The landlord countered that the “plain meaning of the word ‘permits’ is…clear on its face and mandates dismissal of this proceeding.” Additionally, the respondents argued that their ability to pursue claims against the offending tenant for violations of law “does not detract from their power to proceed against the building owner.” The landlord criticized the practice of “reflexively imposing liability on the owners rather than those tenants who violate the law.”

The court dismissed the petition. It found that the word “permit” is “sufficiently broad to include situations in which a landlord, through its failure to monitor the activities in a building it owns and operates, does not know a tenant is using the space illegally.” The court reasoned that the statute is “not very different from a provision which holds a landlord liable for indirectly allowing an illegal use.”

Courts “have long held that a statute which holds a person liable for having permitted or suffered a certain activity may only be enforced against one who know, or should have known, that the activity was taking place….” “Liability attaches when the party has ‘knowledge or the opportunity through reasonable diligence to acquire knowledge.’”

Here, the offending tenant had leased the apartment for more than a year before the landlord received the subject notice of violation and the landlord had “ample time to discover the illegal use.” The court was not persuaded that the respondents should have pursued the tenants because she is a “notorious figure in landlord-tenant courts.” The court noted that such argument “hurts petitioner’s position….” If the tenant’s business were so “established, petitioner could with reasonable diligence discovered her intent to sublet her apartment to transient users.”
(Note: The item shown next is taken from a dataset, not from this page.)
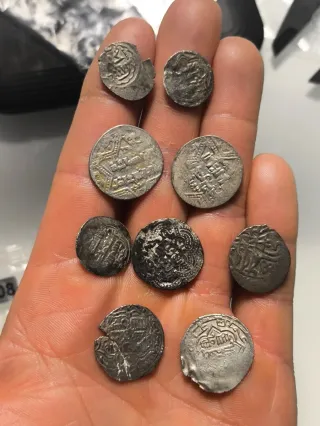 Conjunto de nueve monedas antiguas de plata de origen árabe. - Material: Plata. - Cantidad: 9 monedas.

Moreover, the “statutory purpose, which is to curb transient use of apartments in residential buildings and preserve the availability of permanent housing, is not harmed by the imposition of liability on the landlord.” The Statute permits respondents to pursue the tenant and to also pursue the landlord and in essence, “adds a weapon to respondents’ arsenal.”

Additionally, the size of the penalty is “discretionary” and it may “depend upon the landlord’s cooperation when it becomes aware that the tenant is renting an apartment to transient sublessees.” Here, OATH imposed sanctions of only $4,600.00, when the law permitted penalties of up to $1,000 a day. The court believed that the owners’ liability for penalties even “when it lacks knowledge,” “encourages owners’ proactive efforts to know what is occurring in their buildings, to assure compliance with the Administrative Code, and to discover and correct immediately hazardous violations promptly.”

The court noted that the landlord has “more access to information of an improper use in the building it owns than respondents…have, and thus it is practical for respondents to shift a portion of the burden to landlords to discover and cure any illegal uses in their buildings.” Finally, as to whether the respondents’ practice unfairly targets landlords, the court stated that such issues are “better addressed, if at all, by the Legislature.”

Matter of JNPJ Tenth Ave. LLC v. Dep’t of Bldgs, Supreme Court, New York Co., Case No. 100268/2018, decided Jan. 16, 2019, St. George, J.